Побарабанив пальцами о столешницу, нахмурившись, поджав губы, Хомуцкий откинулся спиной к стене. Все молчали выжидательно, и только маэр Циттель вновь начал возить сапогами по дощатому полу, явно скучая от выслушивания безразличной ему судьбы стрелецкого пятидесятника.
– Да-а, братцы, – выдохнул с каким-то свистом в груди и докончил оборванный разговор Аникей. – Думал, отпустят меня в Самару, а очутился снова на берегу треклятого Хвалынского моря! – Звериным чутьем Аникей почувствовал опасность и вместо ненавистного имени астраханского воеводы назвал безобидное Хвалынское море, только мелкое подергивание века выказывало кипевшее в его душе волнение.
– Ну и каково теперь в Астрахани? После ухода из города казаков Разина? – спросил Михаил Хомутов, радуясь, что друг не обмолвился резкой и опасной фразой. – Должно, ликует князь Иван Семенович, душой отдыхает опосля такой передряги?
И лучше бы не упоминал этого имени!
– Иван Семенович? – у побледневшего Аникея Хомуцкого при одном упоминании этого имени даже губы задергались от внезапно вскипевшей злости, и он, не сдержав все это в себе, выкрикнул так, что, пожалуй, и подьячие с писарями в соседней горнице разобрали его слова. – В Астрахани воевода Прозоровский заковал и бросил меня в пытошную в железах! На те же крючья вздыбил, вспомнив мое жалостливое отношение к атаману Максимке Бешеному!

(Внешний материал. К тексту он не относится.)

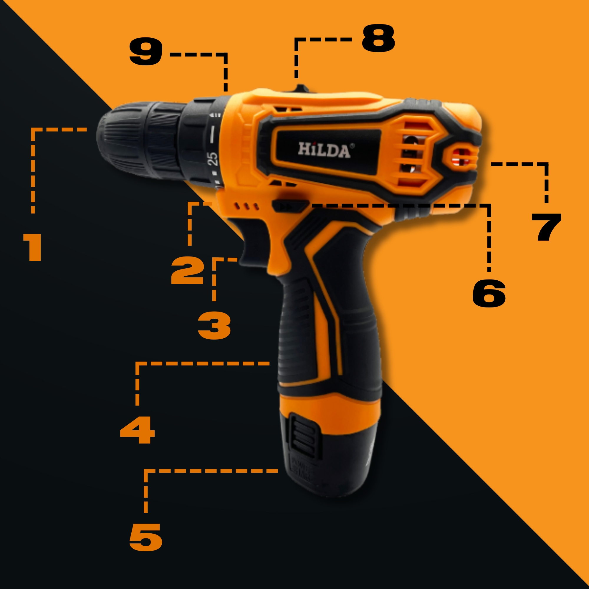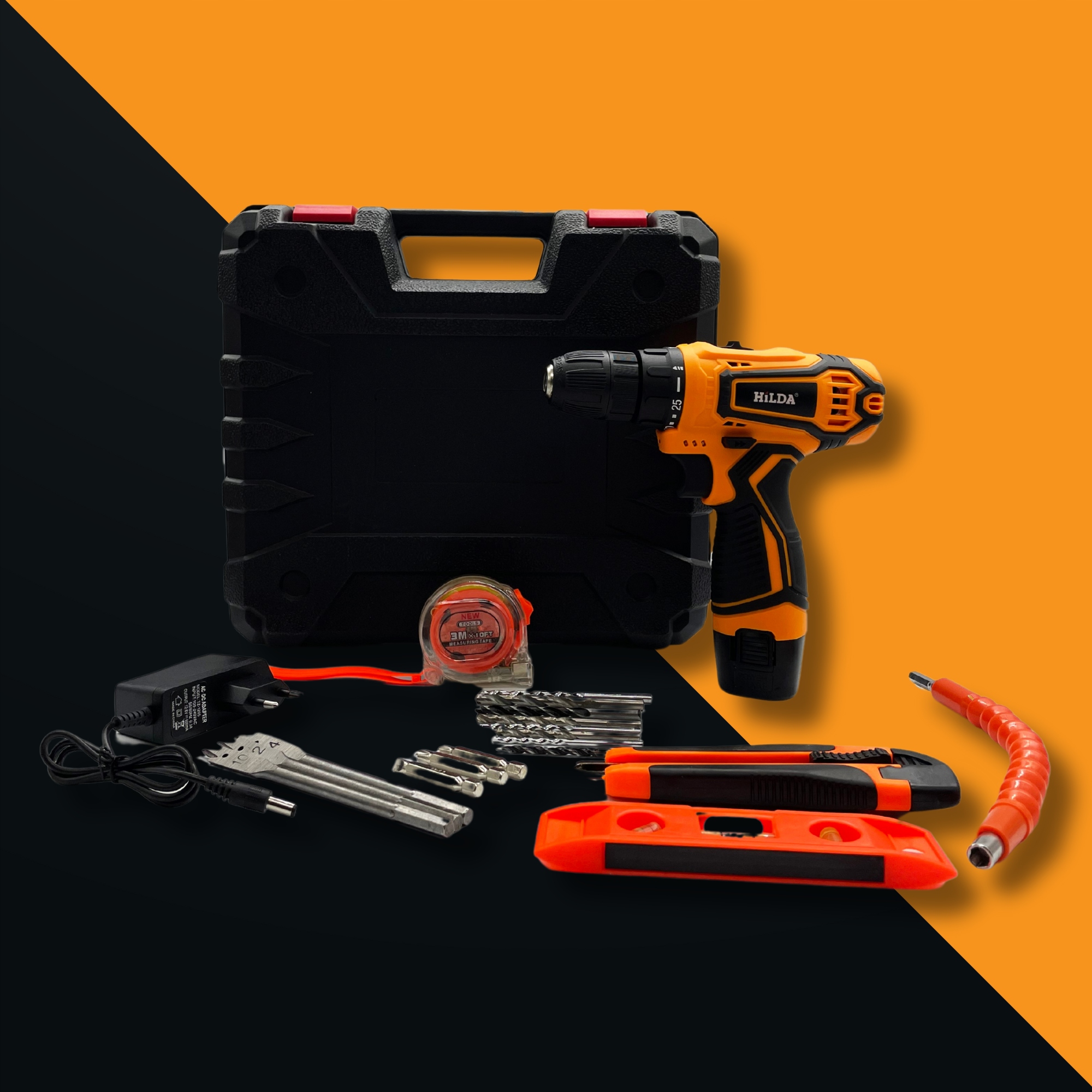 АКУМУЛЯТОРНА ДРиль, ШУРУПОВЕРТ, НАБІР БІТ, СВЕРДЛА 12V LED LI-LON HILDA

Пытал с пристрастием о сговоре с казаками станицы. Кричал, ногами топал о каменный пол: «Ты сам вор и разбойник! Максимку твоего воры в Царицыне спустили к Стеньке, а ты и сам станицу спустил!» Не довольствуясь усердием ката, сам плетью по голове стегал! – Аникей скинул шапку, рукой поднял со лба густые темные волосы, обнажив два рубца с синеватыми, едва поджившими корочками. – Обещал до пят содрать кожу, сожалел, что с Москвы меня спустили, не поломав костей на дыбе! Вот какова вышла благостная награда за ратную службу… вовек не забуду!
Стрелецкие сотники растерянно переглянулись: ну и ну! Вот так новости! Вот так князь воевода Иван Семенович! Ох как скор на зряшную расправу! Яицких казаков показнил, не дождавшись государевого приговора, а теперь стрелецкого командира безвинного на дыбу вздернул!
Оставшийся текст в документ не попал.